Émilie Côté Émilie Côté
La Presse

Marc Parent aime deux choses dans la vie : cuisiner et donner au suivant. Et avec la pandémie, il a plus que jamais du temps pour s’y consacrer.

Pour un homme retraité depuis 14 ans, le Montréalais se garde bien occupé. Or, la pandémie a annulé ses contrats de guide touristique, ainsi que ses conférences dans les écoles primaires.

Puisqu’il avait l’habitude de cuisiner pour ses amis et ses trois garçons, il s’est mis à préparer des plats pour des personnes qui souffrent d’insécurité alimentaire par l’entremise de l’organisme Faisenpour2.

Lors de notre entretien, Marc Parent avait préparé cinq contenants de ragoût de boulettes. C’était un jeudi, jour de la cueillette et de la distribution des plats. « C’est stimulant ! Donner me fait tellement plaisir. Et c’est un bel organisme géré par des jeunes. »

Deux heures après avoir conversé avec Marc Parent, nous retrouvons les cyclistes bénévoles de Faisenpour2 à l’église portugaise, située à l’intersection des rues Rachel et Saint-Urbain.

C’est le point de rencontre hebdomadaire. Tous les plats sont réunis pour prendre la direction de Montréal-Nord, où ils seront acheminés à l’organisme Parole d’excluEs qui, lui, assurera le suivi jusqu’aux foyers des gens dans le besoin.
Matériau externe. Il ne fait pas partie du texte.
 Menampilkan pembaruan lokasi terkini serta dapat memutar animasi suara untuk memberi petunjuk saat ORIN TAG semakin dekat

PHOTO MARTIN CHAMBERLAND, LA PRESSE

Tous les plats sont réunis pour prendre la direction de Montréal-Nord, où ils seront acheminés à des gens dans le besoin.
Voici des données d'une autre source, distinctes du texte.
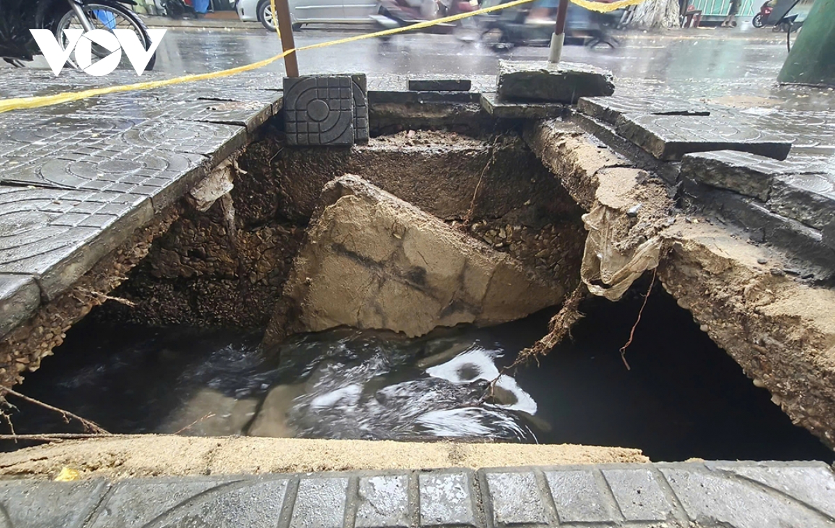 Ghi nhận tại hiện trường, hố sụp rộng khoảng 1,2 mét, dài khoảng 1 mét. Bên dưới là cống thoát nước, trong đó tấm bê tông đậy cống đã bị gãy đôi, khiến phần vỉa hè phía trên mất kết cấu và sụp xuống.

La mère de la fondatrice de l’organisme, Chantale de Richoufftz, attend tout le monde avec sa voiture. C’est elle qui fera la livraison des plats. « Je suis la chauffeuse du jeudi », dit la travailleuse sociale de formation, qui est très fière de sa fille.

Clara de Richoufftz a fondé Faisenpour2 l’an dernier avant la pandémie. Étudiante à l’Université Concordia, elle a voulu inciter ses confrères à préparer un lunch de plus pour une personne en situation d’itinérance. « Je distribuais des boîtes en carton pour que les étudiants y mettent une portion supplémentaire de ce qu’ils préparaient déjà pour eux. »
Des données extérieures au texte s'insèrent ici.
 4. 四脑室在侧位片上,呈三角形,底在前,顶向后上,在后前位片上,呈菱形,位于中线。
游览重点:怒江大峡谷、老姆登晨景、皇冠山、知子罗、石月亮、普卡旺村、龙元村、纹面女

Le succès de son initiative a été tel que d’autres universités ont emboîté le pas. « Au tout début de la pandémie, nous avons décidé d’aller directement chez les gens. Comme la Ville aidait beaucoup les gens en situation d’itinérance, nous avons décidé d’aider des familles de Montréal-Nord », raconte Clara de Richoufftz.

Être dans l’action communautaire aide les cyclistes bénévoles de Faisenpour2 à traverser la pandémie. C’est l’occasion de se rendre utile, de sortir de la maison, même de faire de l’activité physique, mais surtout de se réunir pour une bonne cause.

Cela amène un peu de foi à ce moment étrange.

Manon Tapié, bénévole chez Faisenpour2

Lors de notre rencontre, la jeune femme en est à sa cinquième collecte. Elle raconte qu’une dame qui fournit des plats chaque semaine a donné des gâteaux que les enfants de ses voisins ont tenu à préparer. Sur certains pots de soupe ou de sauce à spaghetti qu’elle sort de son immense sac à dos, on peut voir des petits messages écrits par les cuisiniers bénévoles.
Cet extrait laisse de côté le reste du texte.